Using AMD makes solution go to NaN when solution is zero (or laminar?)

[sandreza]

AMD closure currently returning NaN results

[glwagner]

Can you provide a code snippet that reproduces this result?

[sandreza]

Here is a piece of code that reproduces the results:

The errors occur at iteration 2 where the Reynolds number is NaN (after the first time step). Note that changing to other closure schemes yield finite answers for the Reynolds number. Previously I had been getting an error that stated

/opt/dedalus/src/dedalus/dedalus/core/operators.py:995: RuntimeWarning: divide by zero encountered in power np.power(arg0.data, arg1.value, out.data)
/opt/dedalus/src/dedalus/dedalus/core/operators.py:758: RuntimeWarning: invalid value encountered in multiply np.multiply(arg0.data, arg1.data, out.data)
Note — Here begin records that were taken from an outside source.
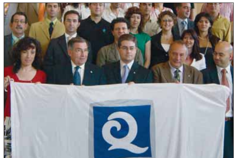
Responsables y personal del Auditorio con la Q Turística.

nos turísticos reconocidos con el distintivo de Compromiso Turístico (SICTED): Cartagena, Lorca y Archena, y otros cuatro destinos que están trabajando para conseguir este distintivo: Sierra Espuña, Valle de Ricote, Noroeste y Murcia. Es clara la apuesta de las entidades públicas y privadas de esta Región por convertirse en un 'Destino de Calidad'. A nivel nacional hay un total de 1.883 establecimientos certificados con la Q de Calidad Turística, de los cuales 81 pertenecen a la Región de Murcia, lo que la sitúa en décima posición a nivel nacional.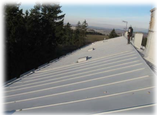
střecha objektu z falcovaného plechu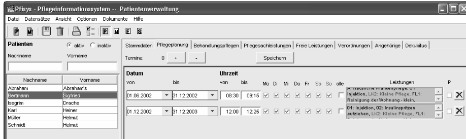
Abb.2: Patientenverwaltung – Pflegeplanung

Für jeden Patienten kann ein individueller Pflegeplan erstellt werden. (Abb.2) Dabei werden der Zeitraum, die Uhrzeiten und die Wochentage für die Erbringung bestimmter Leistungen erfasst. Diese Daten dienen dem Desktop-System als Grundlage für die Einsatzplanung.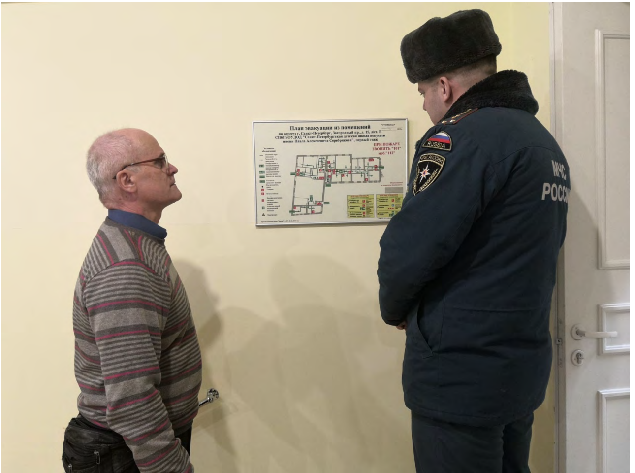
ОНДПР Центрального района 20.03.2020

The error can be reproduced by running the script on a single core. Going to multiple cores the error is no longer printed.

Code below

---

import sys; sys.path.append("..")
import time, logging
import numpy as np
import matplotlib.pyplot as plt
from numpy import pi
from dedalus.extras import flow_tools
import dedaLES
logger = logging.getLogger(__name__)
# Fixed parameters
Ra = 2000
nx = ny = nz = 8 
Lx = Ly = 6.0               # Horizonal extent
Lz = 1.0                    # Vertical extent
Pr = 0.7                    # Prandtl number
Δb = 1.0                    # Buoyancy difference
# Calculated parameters
ν = np.sqrt(Δb*Pr*Lz**3/Ra) # Viscosity. ν = sqrt(Pr/Ra) with Lz=Δb=1
κ = ν/Pr                      # Thermal diffusivity 
# Construct model
closure = dedaLES.AnisotropicMinimumDissipation()
model = dedaLES.BoussinesqChannelFlow(Lx=Lx, Ly=Ly, Lz=Lz, nx=nx, ny=ny, nz=nz, ν=ν, κ=κ, Δb=Δb, closure=closure, nu=ν,V=Lx*Ly*Lz)
model.set_bc("no penetration", "top", "bottom")
model.set_bc("no slip", "top", "bottom")
model.problem.add_bc("right(b) = 0")
model.problem.add_bc("left(b) = Δb")
model.build_solver()
# Initial condition: unstable buoyancy grad + random perturbations
z = model.z
b0 = z/ Lz
model.set_fields(b=b0)
model.stop_at(iteration=3)
# Flow properties
flow = flow_tools.GlobalFlowProperty(model.solver)
flow.add_property("sqrt(u*u + v*v + w*w) / nu", name='Re_domain')
dt = 1e-4
for i in range(2):
    model.solver.step(dt)
logger.info('Max domain Re = %e' %flow.max("Re_domain"))

[glwagner]

Working on this issue on the branch AMDNaNs.

This file reproduces the error when the parameters a=0. The error disappears when a=10.

The error returns even when a=10 when b is not set initially.

[glwagner]

@SandreOuza and I have discussed how this problem is associated with the denominators of the subgrid viscosity expression and subgrid diffusivity expression going to zero.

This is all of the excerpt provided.